→ YOUR ASSIGNMENT: Your answer must be the exact lines from the one with "- Các tính năng: G-MS" to the end of the data, both included, with no pictures.

→ DATASET EXCERPT:
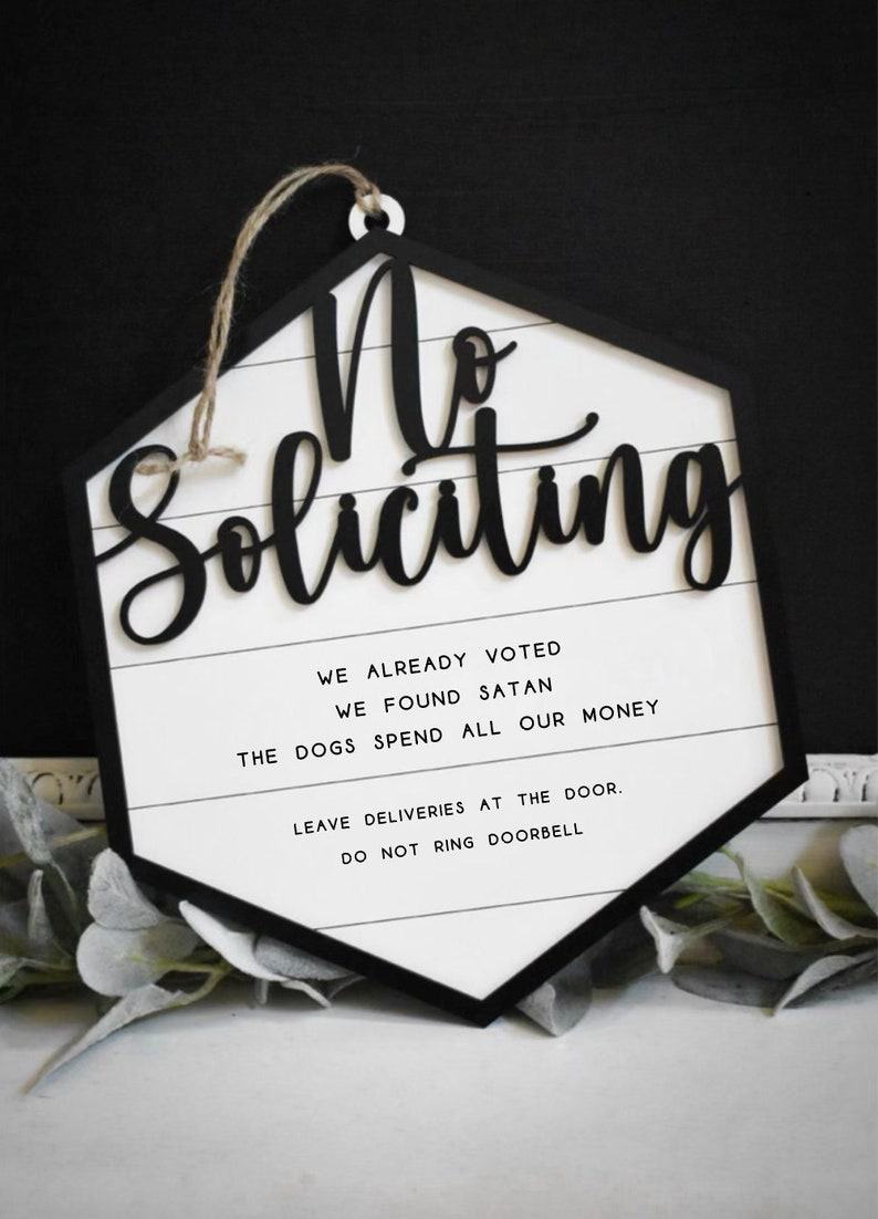- Keep unwanted visitors away with our humorous “No Soliciting” sign.
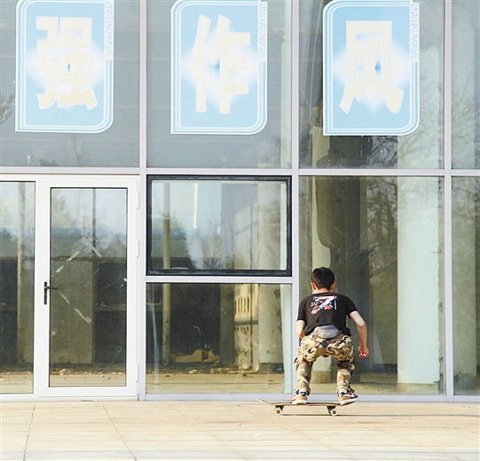 在蛇博物馆门前,一个小孩正在专心致志地练着滑板。(摄影:张广才)
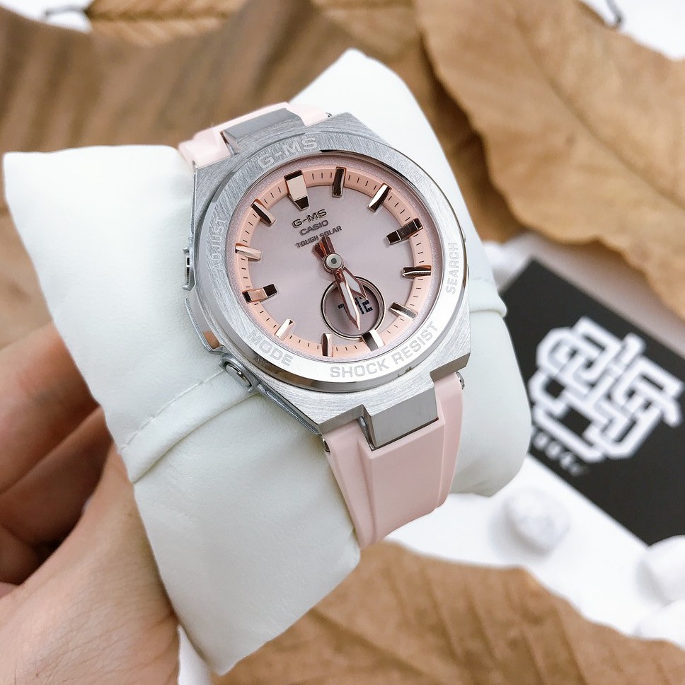 - Các tính năng: G-MS Từ dòng đồng hồ BABY-G G-MS dành cho phái nữ hiện đại năng động và tinh tế, một bộ sưu tập mẫu đồng hồ bằng kim loại và nhựa đã ra đời. Vẻ sắc nét tổng thể của thiết kế này đến từ vỏ, gờ và chốt làm bằng kim loại rắn cũng như ánh kim của vạch giờ. Dây đeo bằng nhựa tạo nên kiểu dáng thời trang giản dị dành cho người trưởng thành. Ngoài mẫu đồng hồ màu trắng và bạc đơn giản, dòng sản phẩm này còn có gờ màu vàng hồng nữ tính kết hợp với màu trắng hoặc đen. Cấu trúc mới cho phép tạo ra đồng hồ có mặt nhỏ hơn và vỏ mỏng hơn, phù hợp cho cả khi làm việc và giải trí. Về chức năng, mẫu đồng hồ này có Giờ thế giới, Tough Solar, đèn LED và nhiều hơn nữa. Thiết kế sành điệu và các tính năng thiết yếu của mẫu đồng hồ này sẽ luôn sát cánh cùng người phụ nữ năng động suốt cả ngày. Tough Solar Chiếu sáng cực mạnh
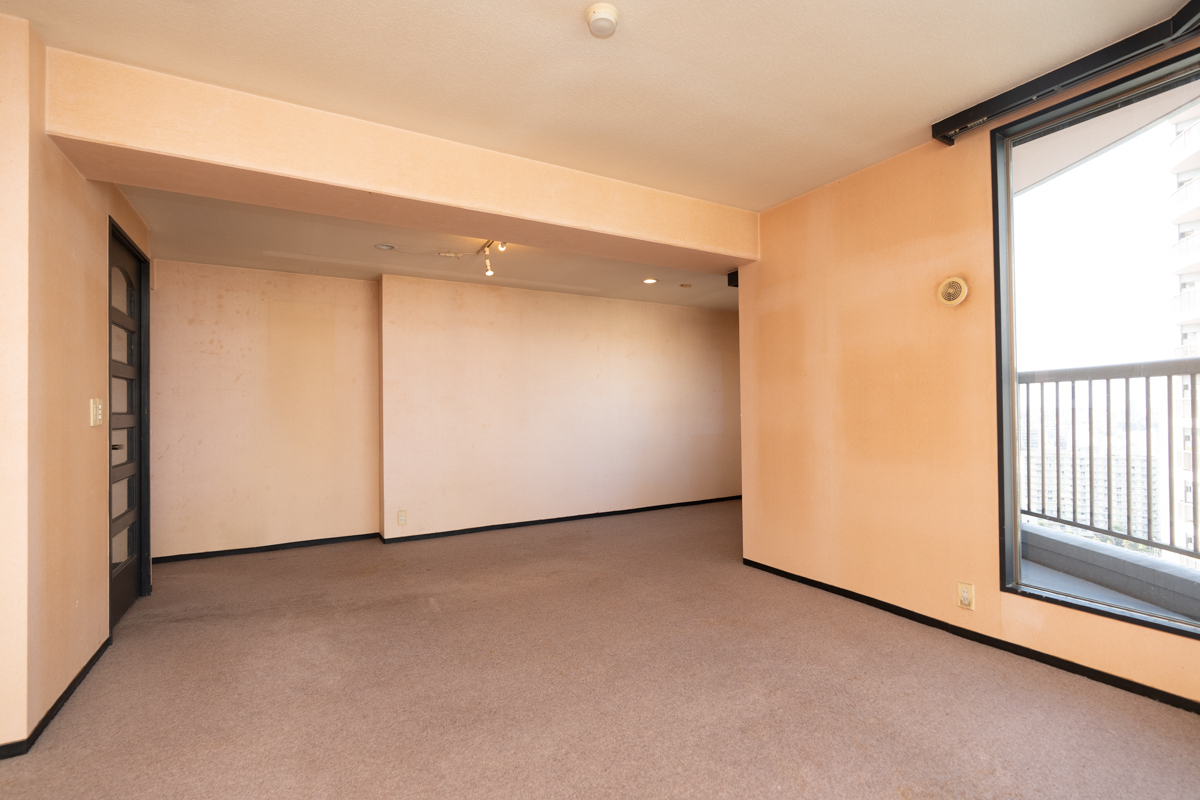廊下からリビングへ進むにつれて、外の景色が視界に広がってくる開放感。高層階ならではの抜け感があり、窓の向こうに広がるビル群や空の景色が美しい!

→ TASK RESULT:
 - Các tính năng: G-MS Từ dòng đồng hồ BABY-G G-MS dành cho phái nữ hiện đại năng động và tinh tế, một bộ sưu tập mẫu đồng hồ bằng kim loại và nhựa đã ra đời. Vẻ sắc nét tổng thể của thiết kế này đến từ vỏ, gờ và chốt làm bằng kim loại rắn cũng như ánh kim của vạch giờ. Dây đeo bằng nhựa tạo nên kiểu dáng thời trang giản dị dành cho người trưởng thành. Ngoài mẫu đồng hồ màu trắng và bạc đơn giản, dòng sản phẩm này còn có gờ màu vàng hồng nữ tính kết hợp với màu trắng hoặc đen. Cấu trúc mới cho phép tạo ra đồng hồ có mặt nhỏ hơn và vỏ mỏng hơn, phù hợp cho cả khi làm việc và giải trí. Về chức năng, mẫu đồng hồ này có Giờ thế giới, Tough Solar, đèn LED và nhiều hơn nữa. Thiết kế sành điệu và các tính năng thiết yếu của mẫu đồng hồ này sẽ luôn sát cánh cùng người phụ nữ năng động suốt cả ngày. Tough Solar Chiếu sáng cực mạnh
廊下からリビングへ進むにつれて、外の景色が視界に広がってくる開放感。高層階ならではの抜け感があり、窓の向こうに広がるビル群や空の景色が美しい!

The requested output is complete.